- _Task item_: Start to finish, return the listing below exactly, pictures excluded.

** Data extract follows **

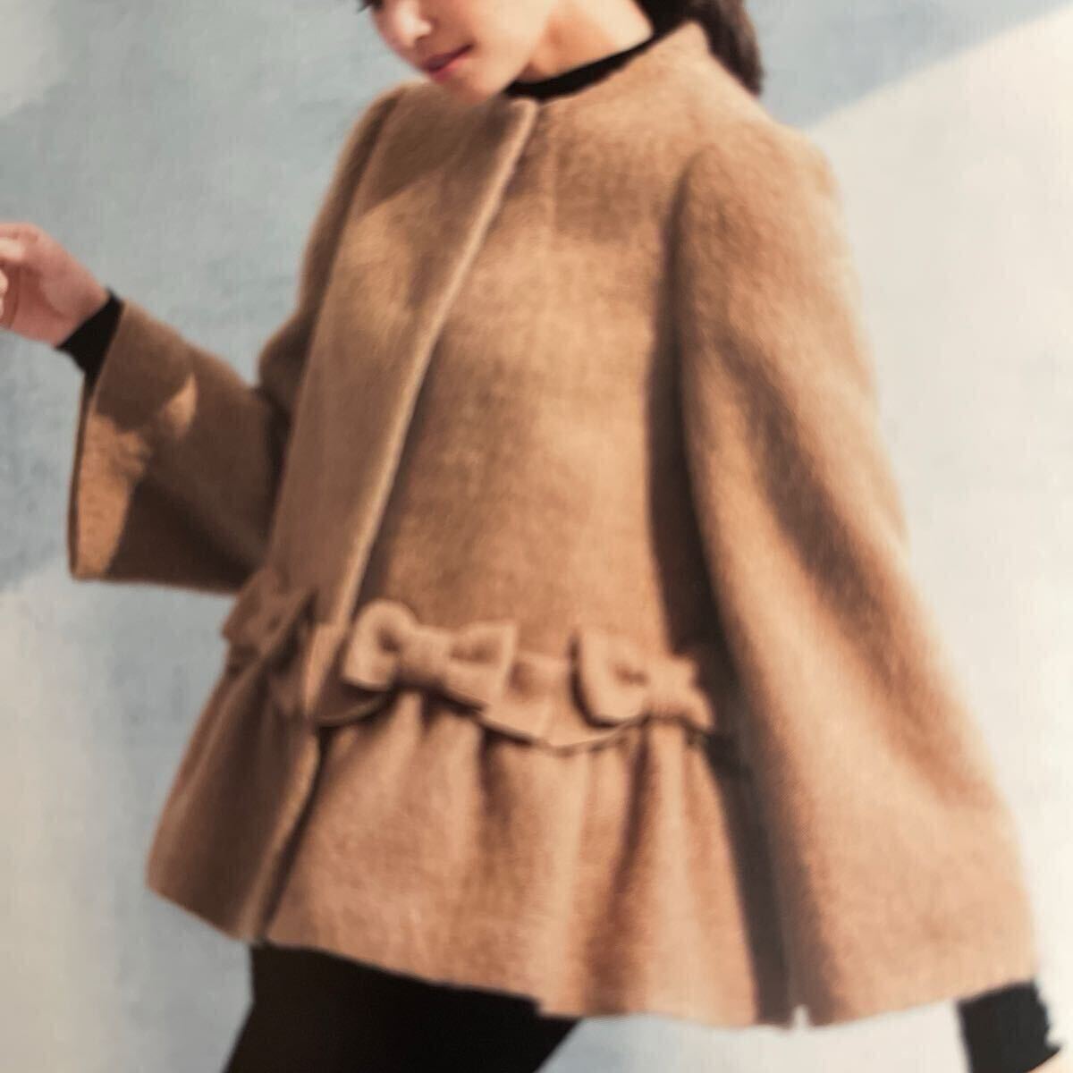 > 【未使用・タグ付き】エムズグレイシー カタログ掲載 シャギー/リボン/ペプラム/ショートコート アウター ベージュ 38
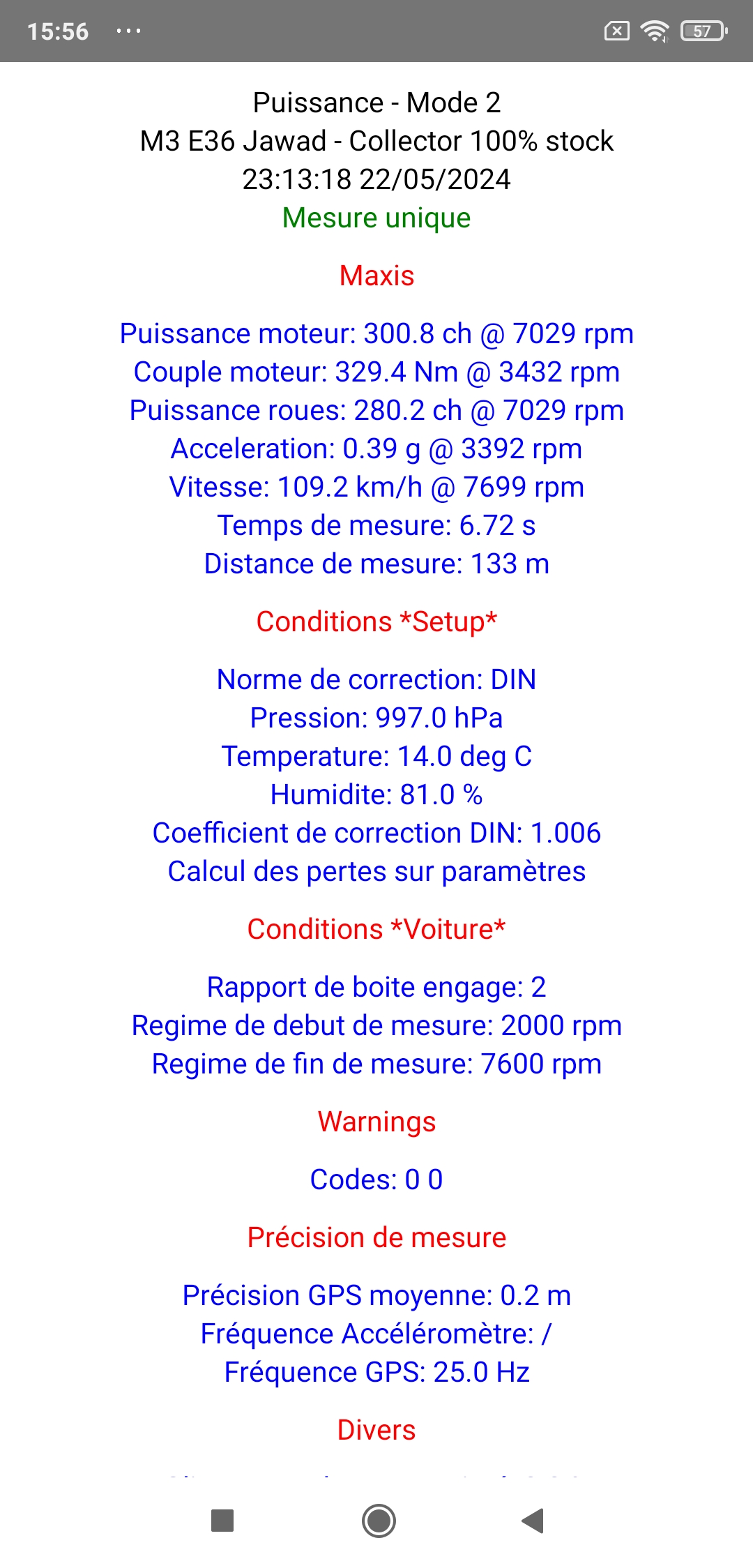 Le problème, c'est que nous avons découvert cela trop tard, sur le chemin retour après les mesures, et nous n'avons donc pas pu en refaire pour en avoir deux cliniques (sans détection de cliquetis) dans les deux sens de la route, mais nous sommes certains au vu des résultats que la 2ème mesure (sans détection de cliquetis) peut vraiment être considérée comme parfaitement représentative des résultats normaux de cette BMW M3 E36 3.2 100% d'origine, et c'est pourquoi exceptionnellement nous publions en résultats officiels les résultats d'une seule mesure!
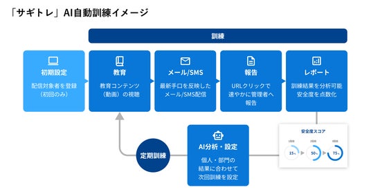 「サギトレ」は、法人におけるセキュリティ教育やリスクへの対応力向上を目指した、詐欺メール・SMS訓練サービスです。ユーザー企業の従業員は、「サギトレ」のシステム上で詐欺の手口や注意すべきポイントを学ぶ教育コンテンツを視聴し、その後、実際の業務環境の中で疑似的な詐欺メール・SMSを受信します。AIがその対応結果を分析し、個人や部門ごとのリスク傾向を可視化。分析結果に基づき、最適な訓練内容や配信スケジュールを自動で設定します。

** End of Data extract **

- _Task output_:
 > 【未使用・タグ付き】エムズグレイシー カタログ掲載 シャギー/リボン/ペプラム/ショートコート アウター ベージュ 38
 Le problème, c'est que nous avons découvert cela trop tard, sur le chemin retour après les mesures, et nous n'avons donc pas pu en refaire pour en avoir deux cliniques (sans détection de cliquetis) dans les deux sens de la route, mais nous sommes certains au vu des résultats que la 2ème mesure (sans détection de cliquetis) peut vraiment être considérée comme parfaitement représentative des résultats normaux de cette BMW M3 E36 3.2 100% d'origine, et c'est pourquoi exceptionnellement nous publions en résultats officiels les résultats d'une seule mesure!
 「サギトレ」は、法人におけるセキュリティ教育やリスクへの対応力向上を目指した、詐欺メール・SMS訓練サービスです。ユーザー企業の従業員は、「サギトレ」のシステム上で詐欺の手口や注意すべきポイントを学ぶ教育コンテンツを視聴し、その後、実際の業務環境の中で疑似的な詐欺メール・SMSを受信します。AIがその対応結果を分析し、個人や部門ごとのリスク傾向を可視化。分析結果に基づき、最適な訓練内容や配信スケジュールを自動で設定します。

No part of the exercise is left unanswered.